=== DATA TO EXAMINE ===
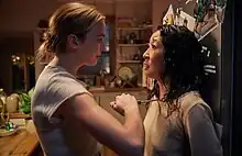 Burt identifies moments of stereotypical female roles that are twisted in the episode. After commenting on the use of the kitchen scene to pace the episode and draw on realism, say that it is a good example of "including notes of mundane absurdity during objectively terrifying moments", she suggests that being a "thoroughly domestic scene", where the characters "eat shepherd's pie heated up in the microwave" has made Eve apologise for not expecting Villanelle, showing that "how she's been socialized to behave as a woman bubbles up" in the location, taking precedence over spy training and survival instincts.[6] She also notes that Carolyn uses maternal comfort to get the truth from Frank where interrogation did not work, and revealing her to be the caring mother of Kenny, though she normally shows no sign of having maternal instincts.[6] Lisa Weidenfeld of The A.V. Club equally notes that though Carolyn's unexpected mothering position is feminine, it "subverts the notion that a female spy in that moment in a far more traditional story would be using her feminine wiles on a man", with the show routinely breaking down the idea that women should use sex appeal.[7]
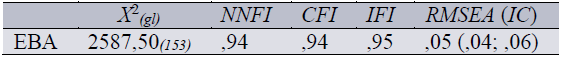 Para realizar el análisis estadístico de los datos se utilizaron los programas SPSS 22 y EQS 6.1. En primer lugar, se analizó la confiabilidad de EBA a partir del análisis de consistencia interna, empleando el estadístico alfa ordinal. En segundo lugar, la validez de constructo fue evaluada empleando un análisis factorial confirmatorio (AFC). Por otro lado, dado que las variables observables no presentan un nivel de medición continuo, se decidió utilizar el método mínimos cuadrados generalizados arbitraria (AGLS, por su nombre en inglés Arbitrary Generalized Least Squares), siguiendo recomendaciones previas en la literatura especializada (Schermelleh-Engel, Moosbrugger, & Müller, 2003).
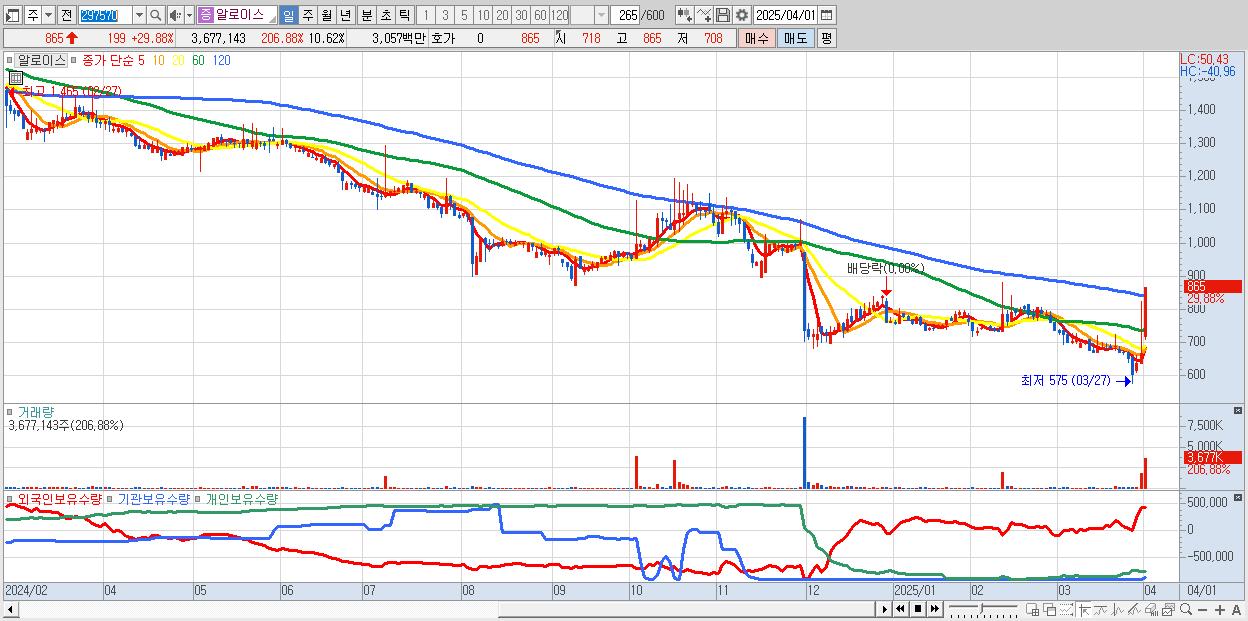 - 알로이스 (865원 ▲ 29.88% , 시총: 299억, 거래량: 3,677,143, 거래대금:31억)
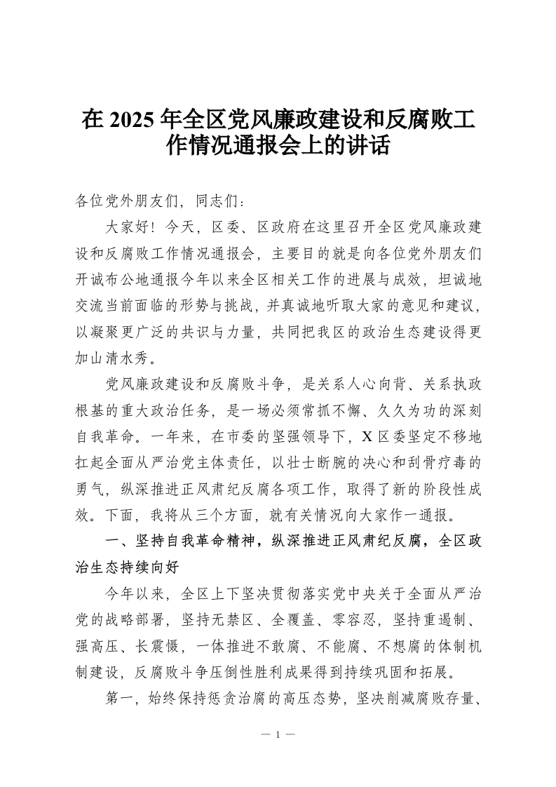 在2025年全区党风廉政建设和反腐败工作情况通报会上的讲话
===
=== DATA TO EXAMINE ===
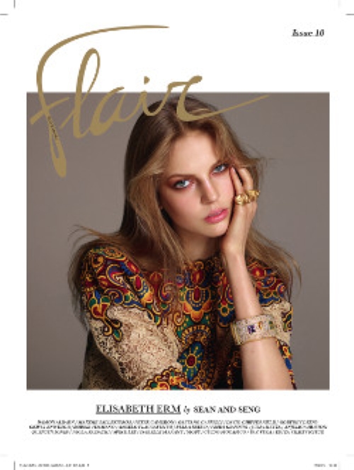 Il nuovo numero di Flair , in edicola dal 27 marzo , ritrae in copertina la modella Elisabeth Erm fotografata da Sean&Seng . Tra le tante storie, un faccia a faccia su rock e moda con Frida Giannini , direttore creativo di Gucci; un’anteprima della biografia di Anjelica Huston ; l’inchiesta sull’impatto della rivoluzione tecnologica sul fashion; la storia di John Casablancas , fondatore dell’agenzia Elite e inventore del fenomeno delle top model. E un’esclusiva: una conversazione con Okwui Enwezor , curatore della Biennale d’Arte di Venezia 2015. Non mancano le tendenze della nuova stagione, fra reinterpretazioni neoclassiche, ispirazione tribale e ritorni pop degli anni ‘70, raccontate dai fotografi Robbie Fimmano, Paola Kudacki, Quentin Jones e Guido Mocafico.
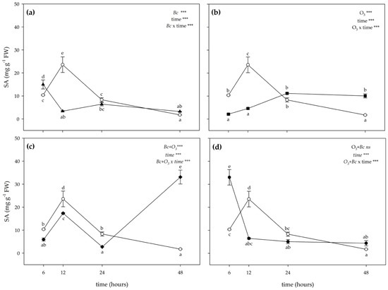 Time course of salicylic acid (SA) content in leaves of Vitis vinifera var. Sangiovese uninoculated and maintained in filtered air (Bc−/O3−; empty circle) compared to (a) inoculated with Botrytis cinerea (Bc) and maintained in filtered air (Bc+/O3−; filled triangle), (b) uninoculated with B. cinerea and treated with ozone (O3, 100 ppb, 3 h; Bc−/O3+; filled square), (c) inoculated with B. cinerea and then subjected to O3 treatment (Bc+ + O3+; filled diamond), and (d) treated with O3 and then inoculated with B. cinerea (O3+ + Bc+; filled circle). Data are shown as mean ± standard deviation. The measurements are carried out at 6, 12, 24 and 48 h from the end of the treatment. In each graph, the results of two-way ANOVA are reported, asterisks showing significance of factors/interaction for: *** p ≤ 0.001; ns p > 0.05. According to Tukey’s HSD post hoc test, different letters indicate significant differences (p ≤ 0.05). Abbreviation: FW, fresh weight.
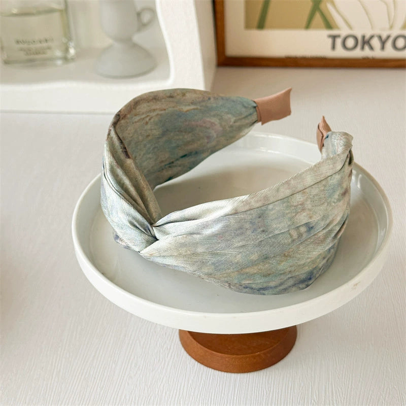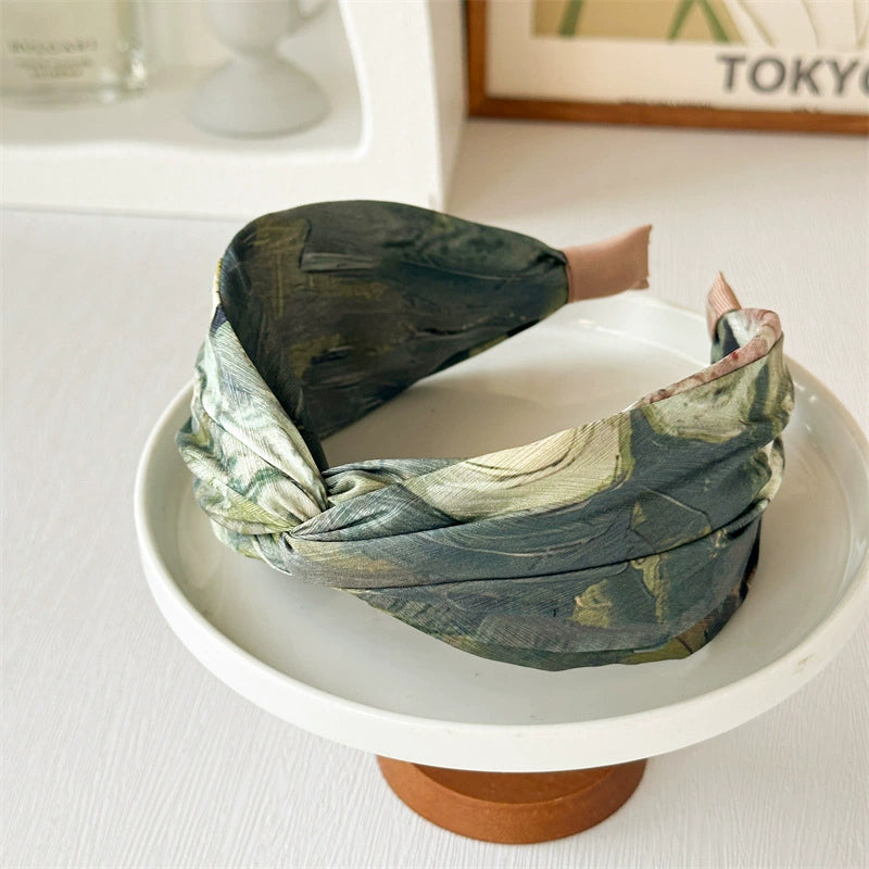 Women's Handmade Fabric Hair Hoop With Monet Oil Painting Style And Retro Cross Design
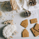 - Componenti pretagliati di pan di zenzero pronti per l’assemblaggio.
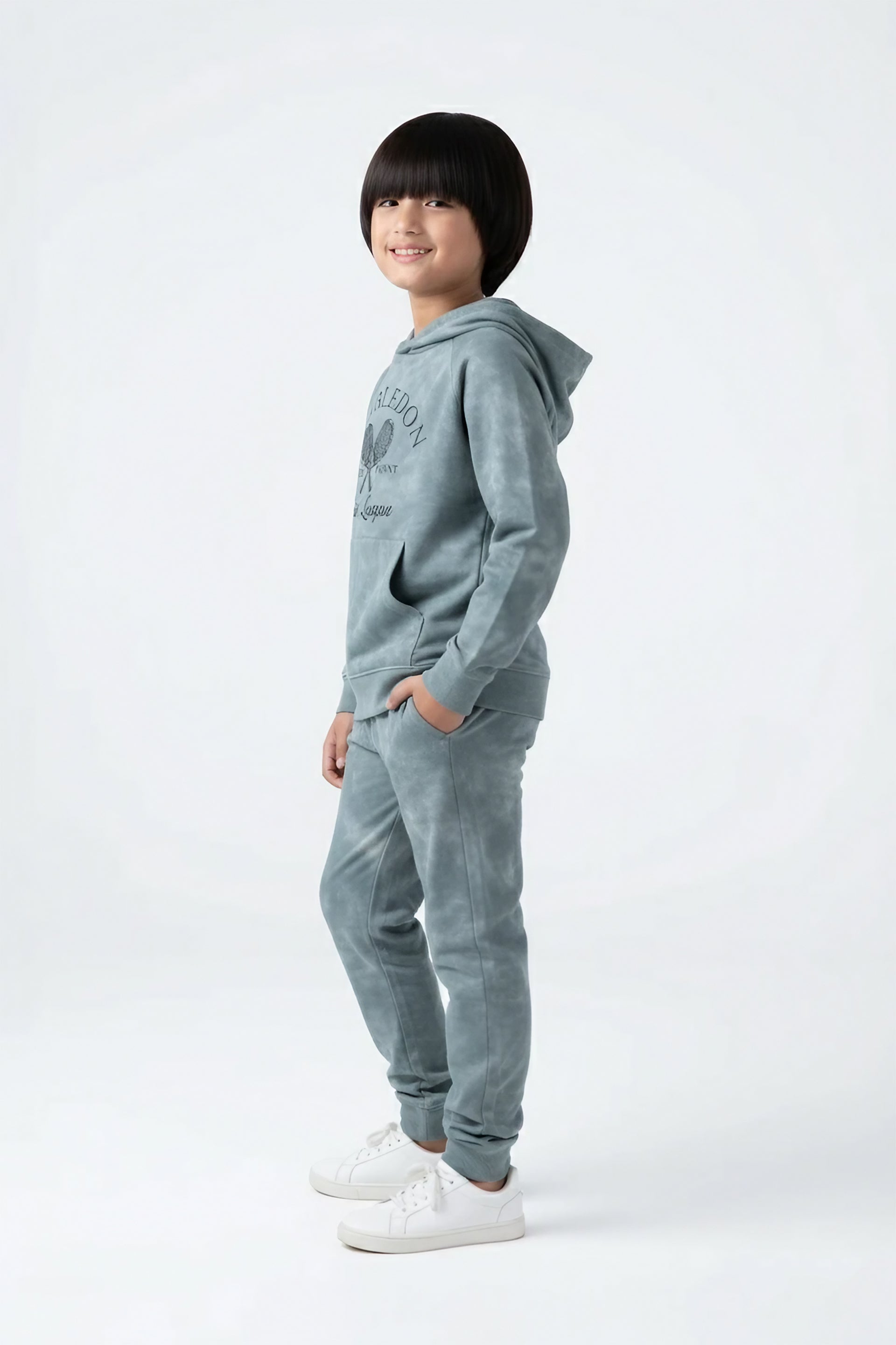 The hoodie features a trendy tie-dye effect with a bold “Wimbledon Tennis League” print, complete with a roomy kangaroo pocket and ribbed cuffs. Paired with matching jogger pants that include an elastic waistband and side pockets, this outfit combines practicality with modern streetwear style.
===
> **TASK TO COMPLETE**:
Above is the material; set down exactly its lines from the one containing "- Componenti pretagliati" down to the one containing "The hoodie features", both included, leaving out any pictures.

> **ANSWER FOR THIS EXERCISE**:
 - Componenti pretagliati di pan di zenzero pronti per l’assemblaggio.
 The hoodie features a trendy tie-dye effect with a bold “Wimbledon Tennis League” print, complete with a roomy kangaroo pocket and ribbed cuffs. Paired with matching jogger pants that include an elastic waistband and side pockets, this outfit combines practicality with modern streetwear style.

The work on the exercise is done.